TAIPEI (Taiwan News) — Due to the outbreak of the Wuhan coronavirus (COVID-19), it appears that the FBI has had to temporarily suspend its background checks, which will prevent Americans who are applying for an Alien Resident Certificate (ARC) or Joint Family Resident Certificate (JFRC) from living or working in Taiwan.
On Wednesday (March 25), a U.S. citizen made an announcement on the Facebook expat group Kaohsiung Q&A announcing that the FBI has temporarily suspended its background check service due to the coronavirus outbreak. The man wrote that the reason for the suspension appears to be that the FBI employees who normally handle the service are currently working remotely to avoid transmitting or becoming infected with the disease.
The American had over the weekend contacted the bureau via email to explain that he is in the process of marrying a Taiwanese citizen, but because there is a ban on foreigners entering Taiwan without a valid resident certificate, he cannot follow the usual process of flying to the U.S. to apply for the mandatory background check and then returning to Taiwan.
The man asked if he could apply for and receive his FBI criminal record via mail. An FBI customer service representative responded that because their staff members are not physically in the office to receive and process applications through the mail, they are unable to handle his request.
Other netizens who contacted the FBI have received the same response.
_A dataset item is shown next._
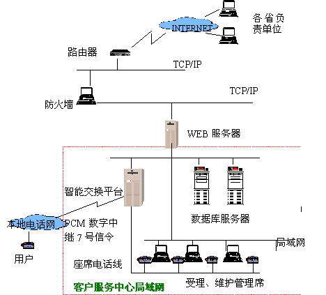 數(shù)據(jù)通信局的客戶遍布全國(guó)各地,建立一個(gè)覆蓋全國(guó)的客戶服務(wù)網(wǎng)絡(luò)勢(shì)在必行,因此我公司為之構(gòu)建了數(shù)據(jù)通信局客戶服務(wù)系統(tǒng),全國(guó)各地的各個(gè)客服中心的數(shù)據(jù)可以通過專線連接,語(yǔ)音也可以通過VOIP用數(shù)字專線連接,以降低長(zhǎng)話費(fèi)用。該系統(tǒng)的投入使用,不但滿足了數(shù)據(jù)局為全國(guó)各地客戶服務(wù)的需要,而且可以收集客戶信息,不但降低了辦公費(fèi)用,而且有利于擴(kuò)大市場(chǎng)分額。數(shù)據(jù)通信客戶服務(wù)中心的主要目的是解決對(duì)全國(guó)大客戶的業(yè)務(wù)咨詢與申辦、障礙申告、投訴與建議的集中管理以及處理控制,系統(tǒng)采用800號(hào)接入,以一個(gè)小型的交換設(shè)備為座席電話分配點(diǎn),客戶撥入的電話,經(jīng)小型交換設(shè)備分配到空閑的座席上。

Taiwan News contacted the FBI for comment, and it confirmed that "This service is not currently available due to the COVID-19 virus," but the bureau did not provide a timeline for when the service will be back online.
In a reversal of its immediate ban on all foreigners without residence certificates or diplomatic status, which went into effect on March 19, the Bureau of Consular Affairs (BOCA) on March 21 announced that it is offering a 30-day automatic extension for foreigners who come into the country with a visa waiver, visitor visa, or landing visa, plus assistance for overstayers. The automatic extension applies to foreigners who arrived in Taiwan on or before March 21. In addition, the National Immigration Agency (NIA) has announced an "Expanded Overstayers Voluntary Departure Program."
The initiative will ameliorate some of the problems faced by migrant workers, visitors, and English-language teachers who had been left stranded by newly introduced measures aimed at halting the spread of COVID-19. At the same time, these individuals have had to cope with leaving jobs, family, and the cancelation of flights, plus entry bans in other countries.
The new measures left non-citizens reeling, as previously they could ask for an extension of up to 180 days at the immigration agency. The Expanded Overstayers program, which started with a promotion period from March 20, officially launches April 1 and ends June 30.
According to the BOCA statement, "Foreign nationals who have overstayed their legal stay period and turn themselves in from March 20 to June 30 are entitled to penalty relief measures: They will not be detained or receive an entry ban, and will be given only a minimum fine."